Taxi
Two small cab companies, cash USD, no Uber
Nome has two small cab operators (Checker Cab and Mr. Kab) that run on flat in-town fares around USD 6–8 and metered fares out of town. No Uber, no Lyft. Reception in town is fine on US carriers; outside the 30-km radius cell coverage drops fast. For the three roads (Council, Teller, Kougarok), book a rental car or a guided tour the day before — there are only a few rentals in town and they sell out on cruise call days.
Currency
US dollar (USD), cards accepted, ATMs in town
Standard US dollar economy. Most businesses on Front Street take Visa and Mastercard; a few of the smaller cafes and the public beach gold-pan rental booths are cash-only. There are ATMs at the credit union on Front Street and at the supermarket. Prices are noticeably higher than in the Lower 48 — everything except gold and fish is barged or flown in — and a coffee plus sandwich runs USD 18–22.
Day trip
First 30–50 km of Council, Teller, or Kougarok Road
The three gravel roads out of Nome each end well past what fits in a port day, but the first 30–50 km of any of them is the real draw — tundra, musk ox, reindeer, beaver dams, and on Kougarok in particular, world-class subarctic birding (bristle-thighed curlew). Council Road also passes the 'Last Train to Nowhere', three rusting locomotives stranded in the tundra since a failed 1903 railway. Book a half-day guided trip or rent a car in advance; gas stations only exist in town.
Dock
Tender to small-boat harbour, 10-min walk to Front Street
No cruise pier.
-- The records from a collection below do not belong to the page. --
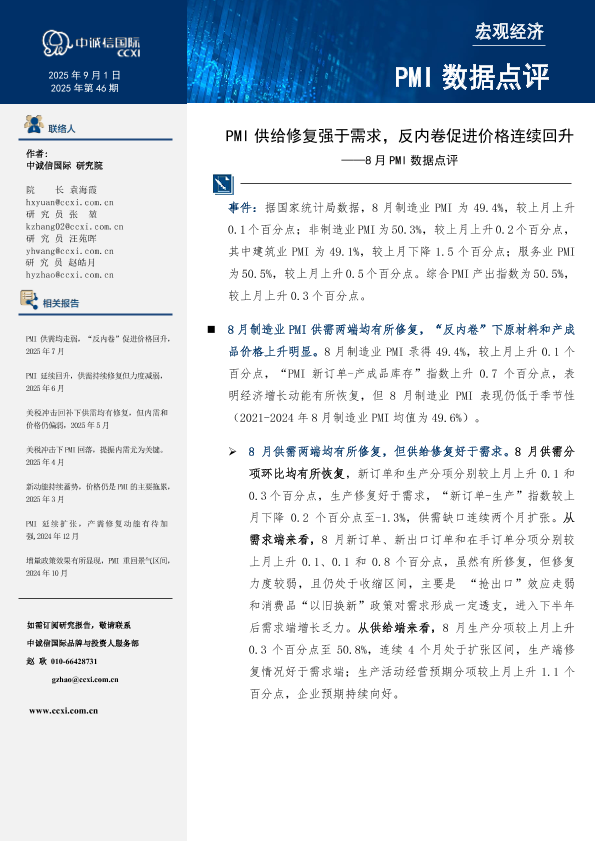 【中诚信国际】【202508】PMI供给修复强于需求,反内卷促进价格连续回升-8页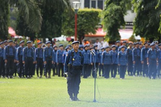 Bupati tampak serius mengikuti upacara peringatan HUT Damkar yang berlangsung di alun-alun kota Semarang.
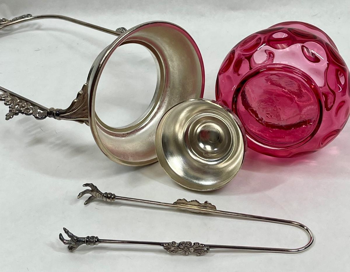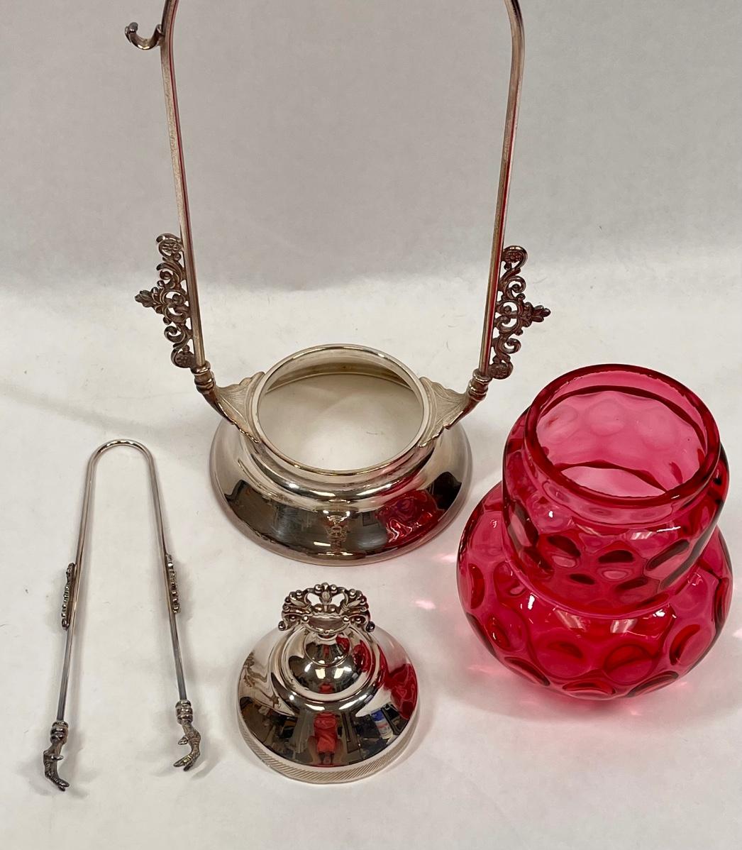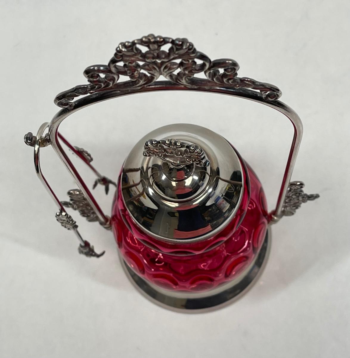 Cranberry Glass Thumbprint Dot Pattern Pickle Cruet Jar on Silver Stand with tongs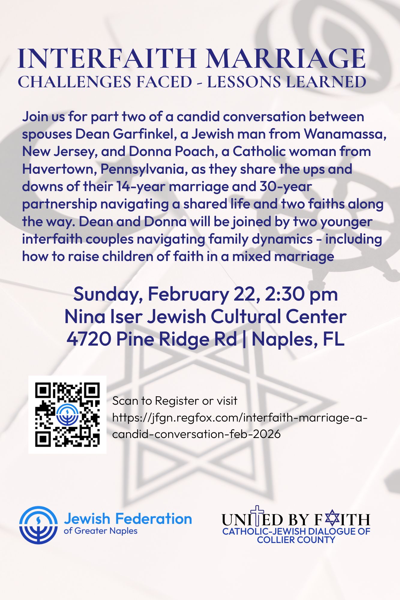 Join us for part two of a candid conversation between spouses Dean Garfinkel, a Jewish guy from Wanamassa, New Jersey, and Donna Poach, a Catholic girl from Havertown, Pennsylvania, as they share the ups and downs of their 14-year marriage and 30-year partnership navigating a shared life and two faiths along the way.

Ships anchor in the Bering Sea roadstead and run tenders into the small-boat harbour at the east end of town. From the harbour gate it is roughly 10 minutes flat walking to the Burled Arch on Front Street and 15 minutes to the Carrie M. McLain Memorial Museum. The harbour is a working fishing dock — no terminal, no shops, no covered waiting area. Weather routinely shortens or cancels the call when Bering Sea swell builds.
Dive sites
No cruise-day diving
There is no recreational dive infrastructure at Nome. The Bering Sea is cold, often turbid from gold-dredge tailings near shore, and operators are commercial-only (gold-dredge support divers). Drysuit work happens here but not on a cruise schedule. Skip this category.
Beach clubs
Not a beach port — public beach is for gold panning
Nome is a sub-Arctic working-town beach, not a swim or sunbathe destination. The Bering Sea sits around 4–10°C in summer. The notable thing about the public beach west of the small-boat harbour is that recreational gold panning is legal there without a permit, which is rare in the US. Bring or rent a pan in town; expect flecks, not nuggets.